**What is being asked**
Your job is to retype all of the data word for word, leaving every image out.

**Data shown**
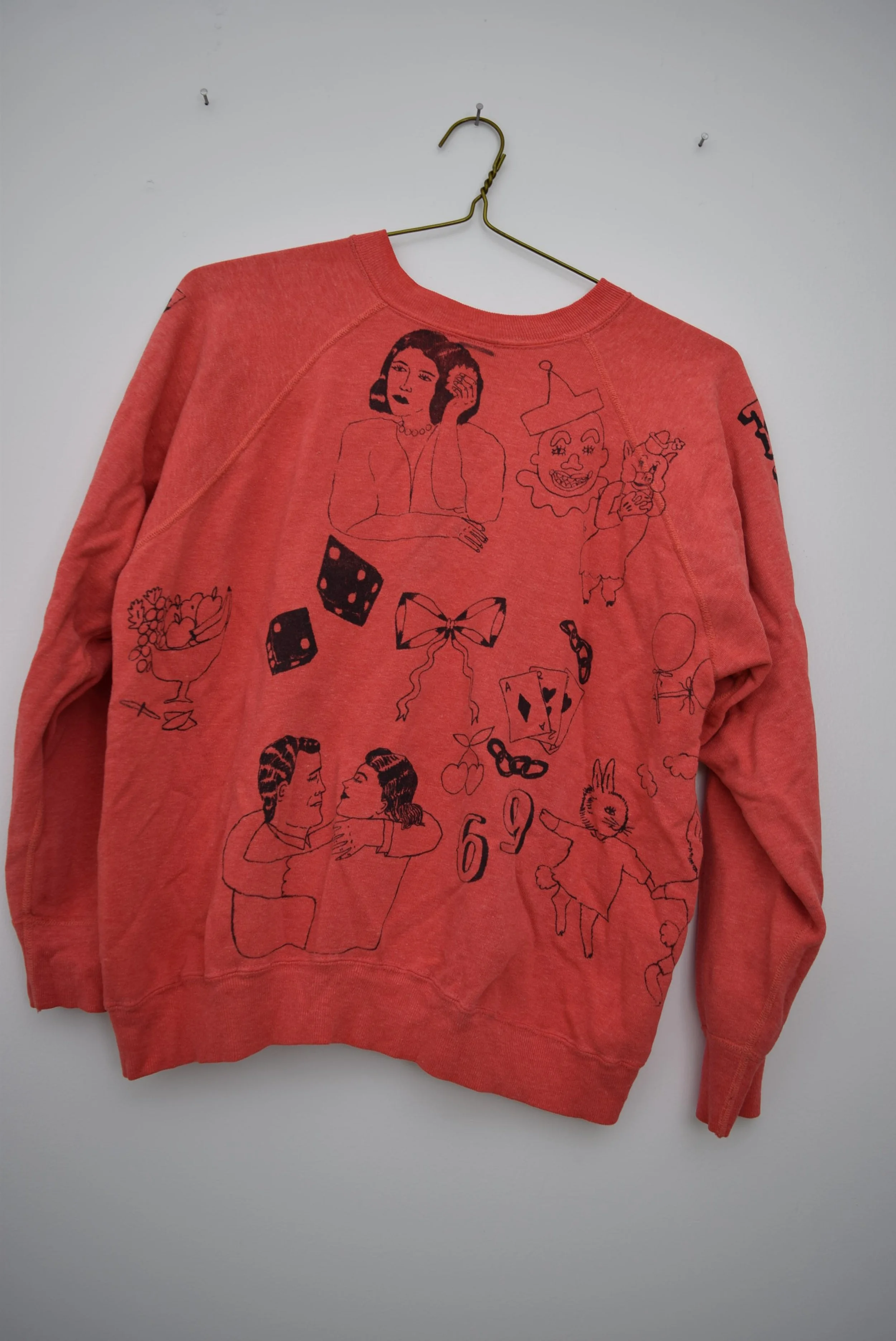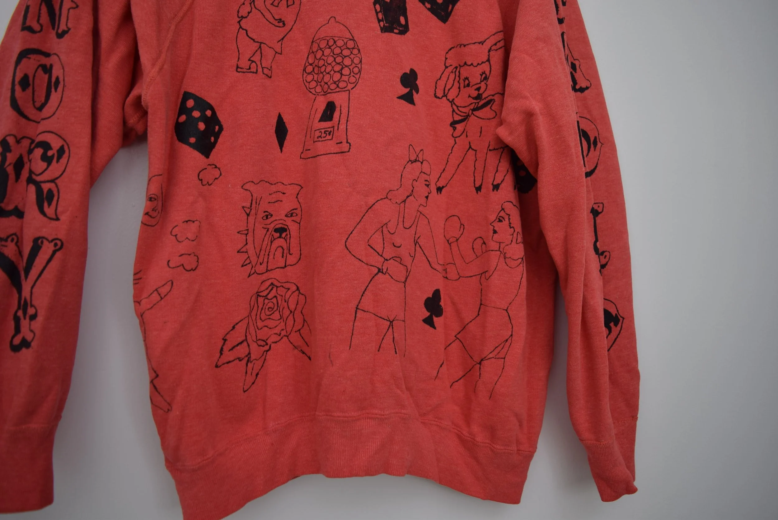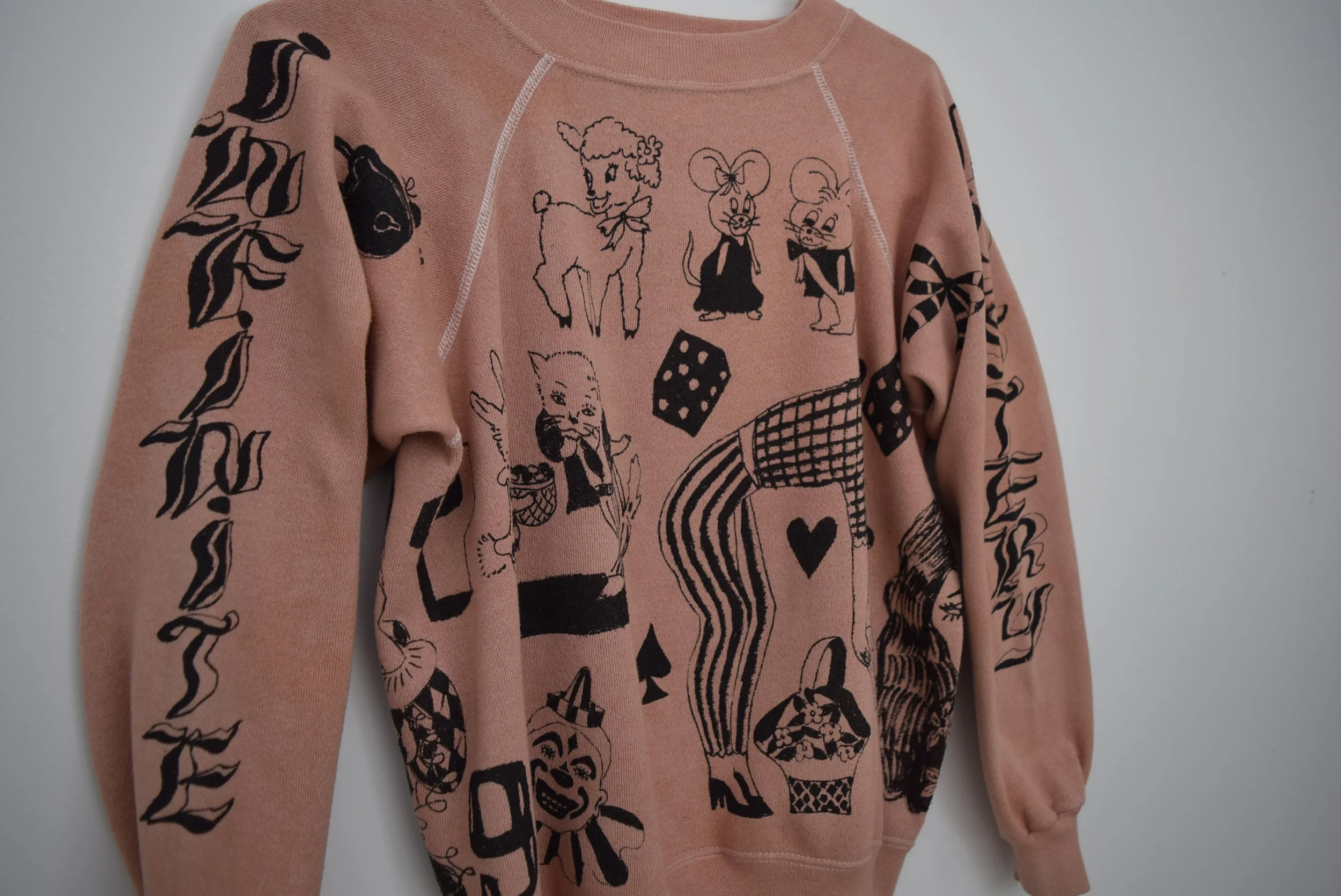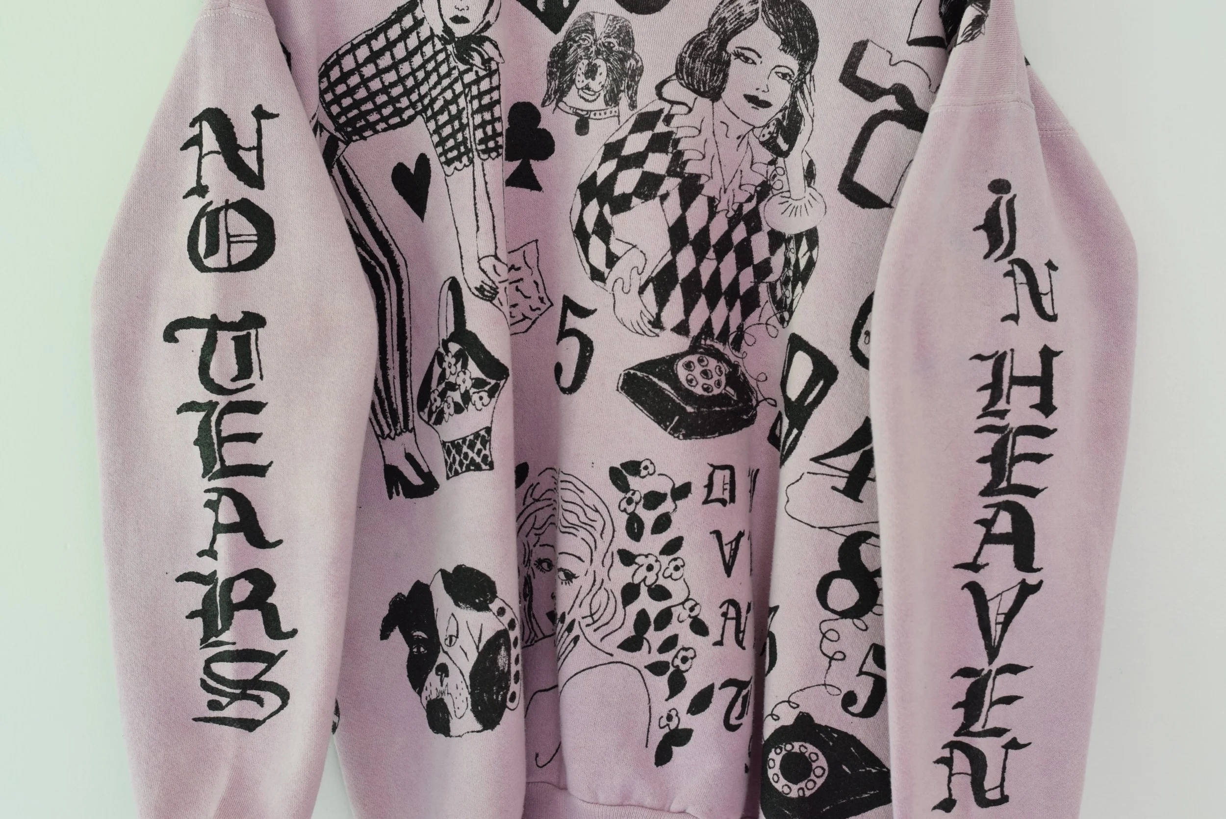 "No Tears in Heaven" pink screen printed vintage sweatshirt L
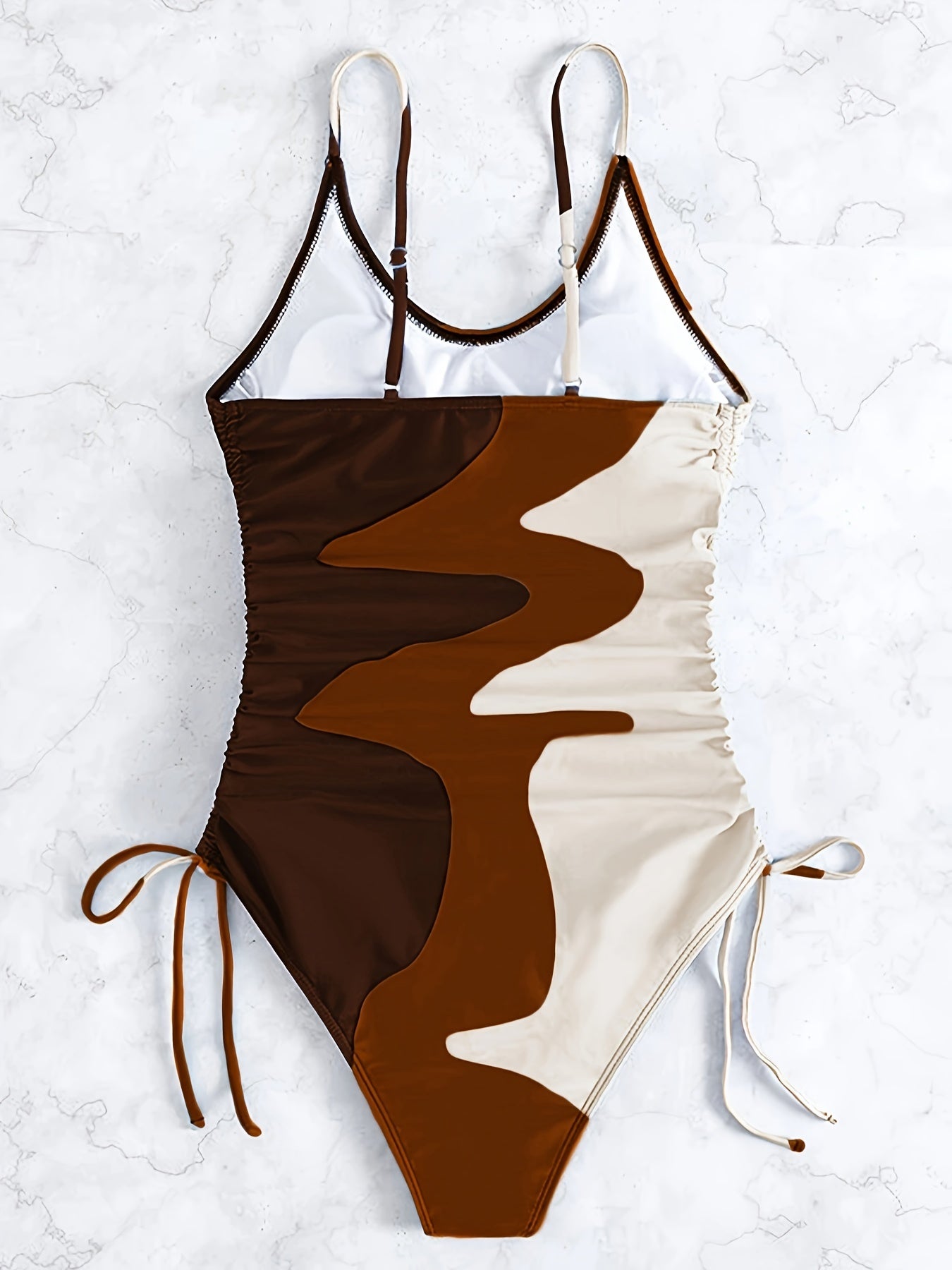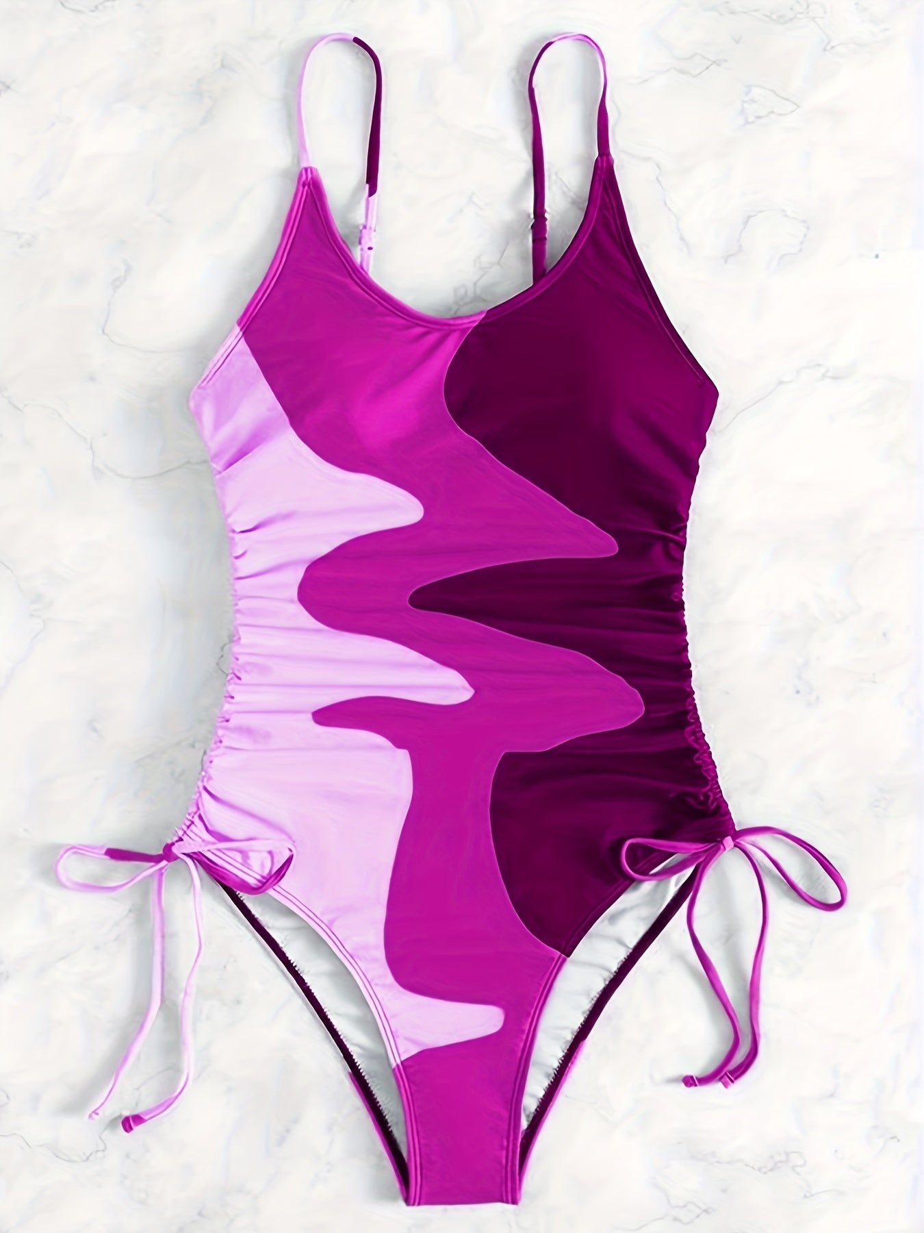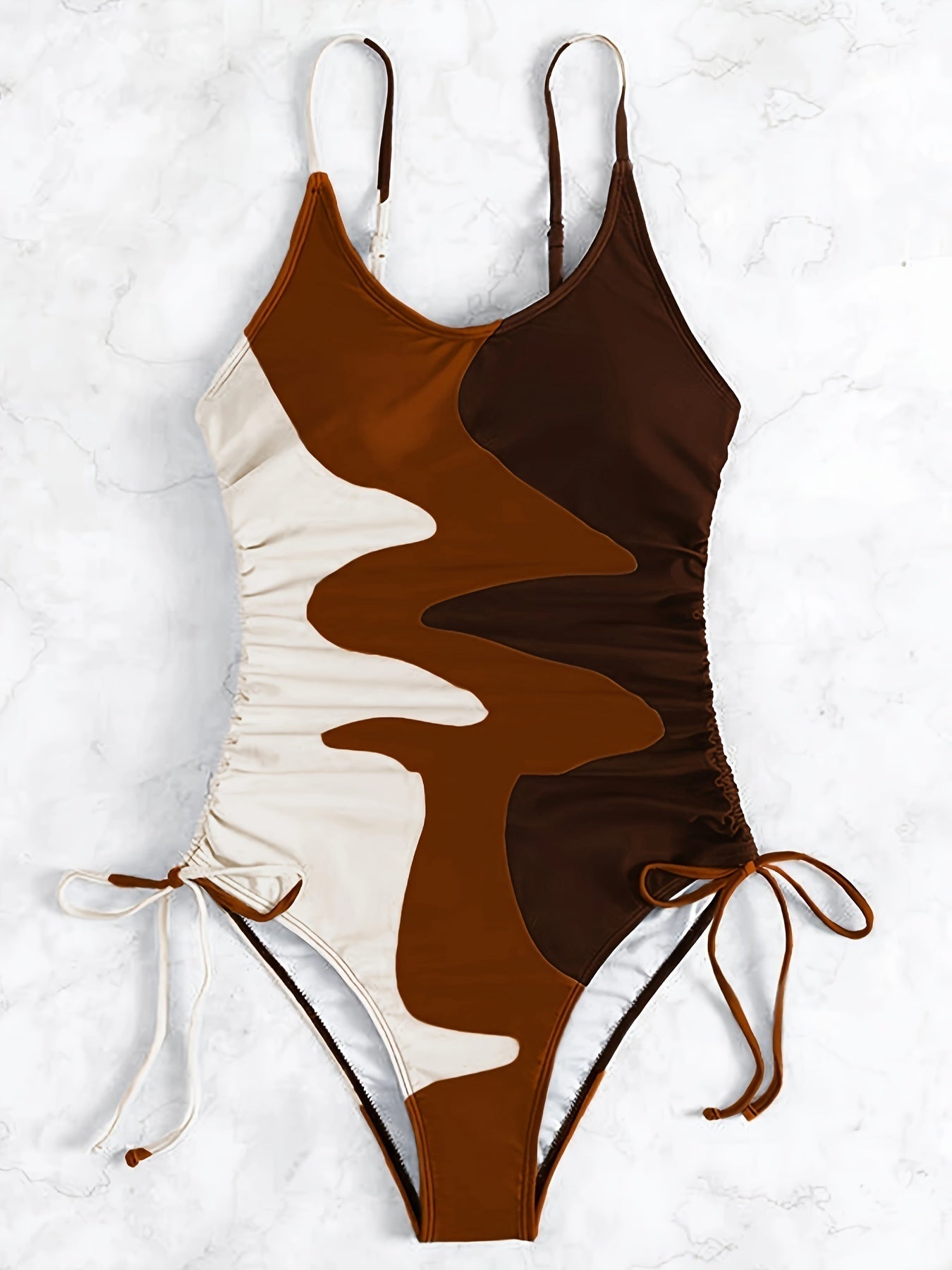 Dieser stilvolle Farbblock-Badeanzug kombiniert Eleganz mit Funktionalität. Das hochelastische Material sorgt für eine bequeme Passform und betont sanft Ihre Figur. Die Spaghettiträger bieten optimalen Halt, während der Kordelzug für eine individuelle Anpassung sorgt. Perfekt für entspannte Tage am Strand oder aktive Stunden im Wasser.
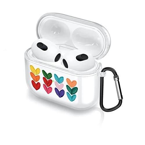 KANGHAR - حافظة حماية شفافة لسماعات إيربودز 3 (2021) - جراب حماية من البولي يوريثين المقاوم للحرارة الناعم المرئي بإضاءة ليد أمامية من (KANGHAR)، تصميم شفاف قابل للحمل مزوّد بسلسلة مفاتيح، إكسسوار أنيق لـ
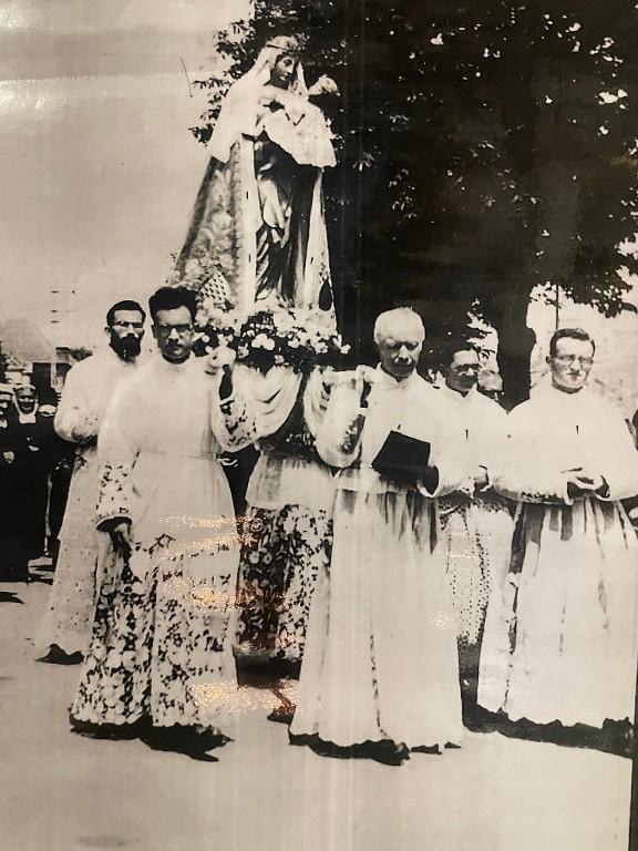 Les costumes de pages sont modernes (fin 20e ou début 21e siècle?) mais la pratique de faire accompagner la statue de la Vierge par des enfants est attestée déjà lors du couronnement solennel (1937).

**Solution**
 "No Tears in Heaven" pink screen printed vintage sweatshirt L
 Dieser stilvolle Farbblock-Badeanzug kombiniert Eleganz mit Funktionalität. Das hochelastische Material sorgt für eine bequeme Passform und betont sanft Ihre Figur. Die Spaghettiträger bieten optimalen Halt, während der Kordelzug für eine individuelle Anpassung sorgt. Perfekt für entspannte Tage am Strand oder aktive Stunden im Wasser.
 KANGHAR - حافظة حماية شفافة لسماعات إيربودز 3 (2021) - جراب حماية من البولي يوريثين المقاوم للحرارة الناعم المرئي بإضاءة ليد أمامية من (KANGHAR)، تصميم شفاف قابل للحمل مزوّد بسلسلة مفاتيح، إكسسوار أنيق لـ
 Les costumes de pages sont modernes (fin 20e ou début 21e siècle?) mais la pratique de faire accompagner la statue de la Vierge par des enfants est attestée déjà lors du couronnement solennel (1937).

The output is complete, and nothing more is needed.